EXCERPTED DATA:
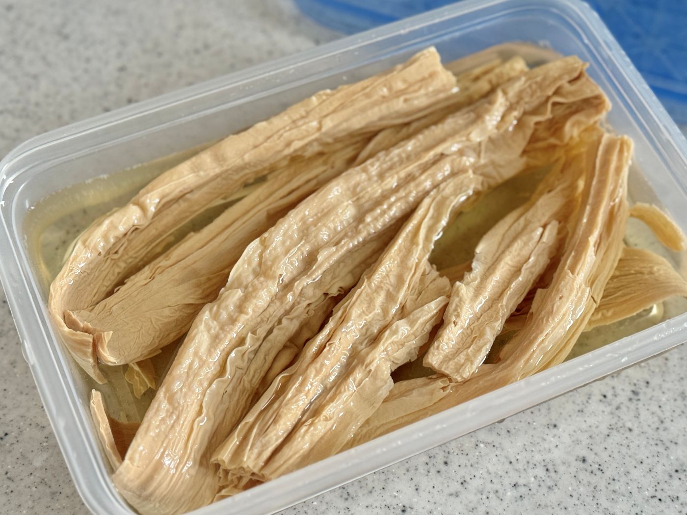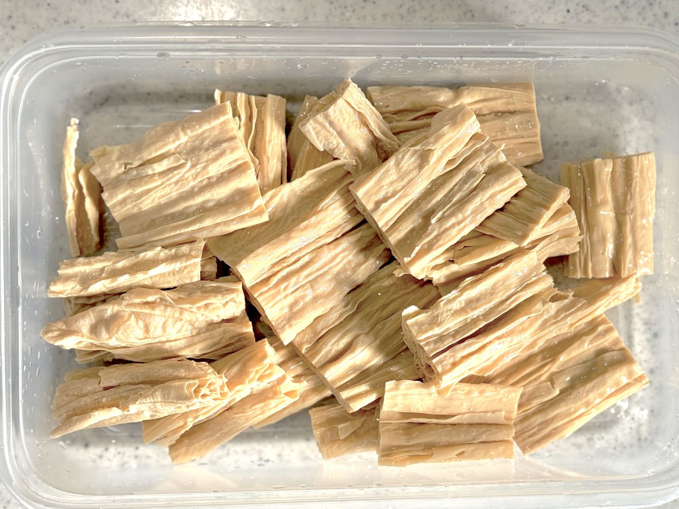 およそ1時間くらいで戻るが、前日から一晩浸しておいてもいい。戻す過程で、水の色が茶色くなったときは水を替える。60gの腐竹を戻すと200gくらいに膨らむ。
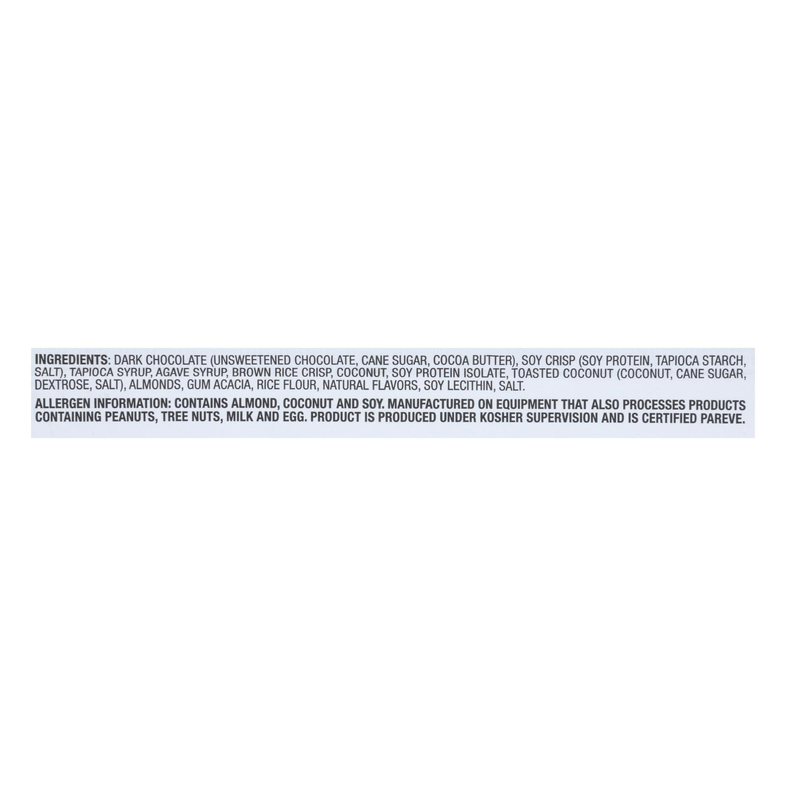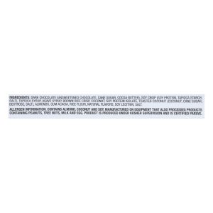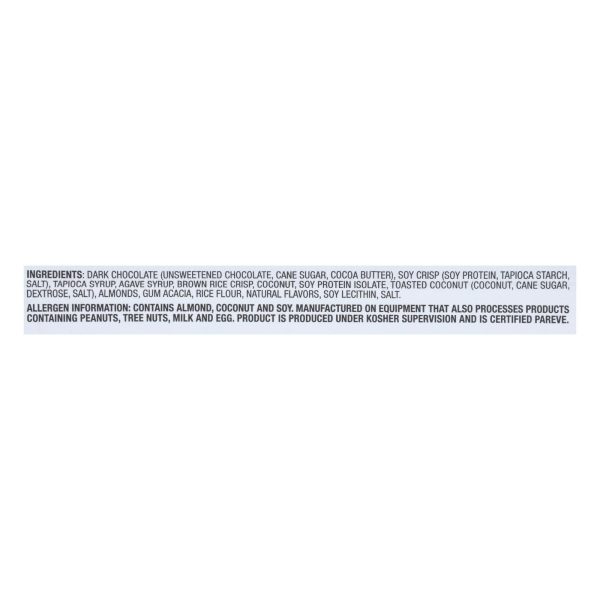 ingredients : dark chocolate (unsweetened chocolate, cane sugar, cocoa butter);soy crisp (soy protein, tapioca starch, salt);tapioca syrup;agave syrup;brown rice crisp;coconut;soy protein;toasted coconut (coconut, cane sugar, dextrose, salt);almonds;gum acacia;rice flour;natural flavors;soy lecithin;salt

...

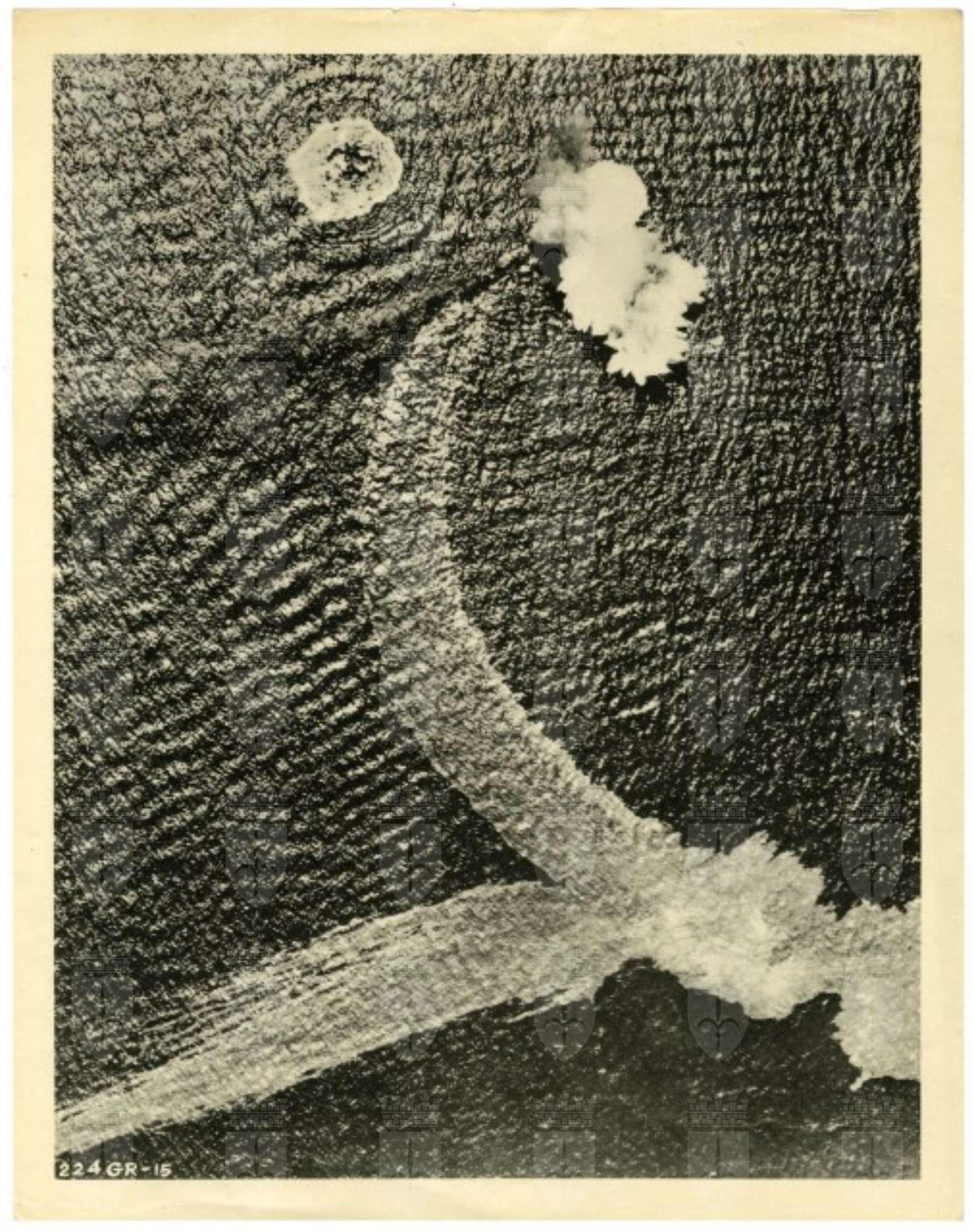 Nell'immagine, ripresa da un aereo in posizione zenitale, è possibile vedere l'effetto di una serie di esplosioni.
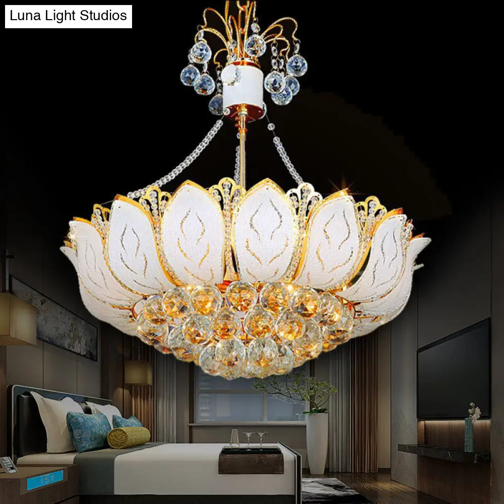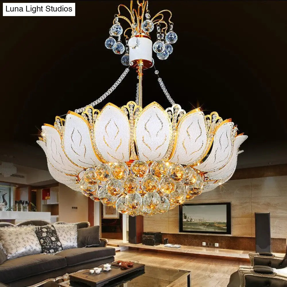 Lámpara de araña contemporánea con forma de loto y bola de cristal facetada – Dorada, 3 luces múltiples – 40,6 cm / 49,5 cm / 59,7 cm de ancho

PROBLEM DETAILS:
Above are the records. Copy only the lines from the one with "およそ1時間くらいで戻るが、" through the one with "ingredients : dark", exactly, with no pictures.

EXPECTED OUTPUT:
 およそ1時間くらいで戻るが、前日から一晩浸しておいてもいい。戻す過程で、水の色が茶色くなったときは水を替える。60gの腐竹を戻すと200gくらいに膨らむ。
 ingredients : dark chocolate (unsweetened chocolate, cane sugar, cocoa butter);soy crisp (soy protein, tapioca starch, salt);tapioca syrup;agave syrup;brown rice crisp;coconut;soy protein;toasted coconut (coconut, cane sugar, dextrose, salt);almonds;gum acacia;rice flour;natural flavors;soy lecithin;salt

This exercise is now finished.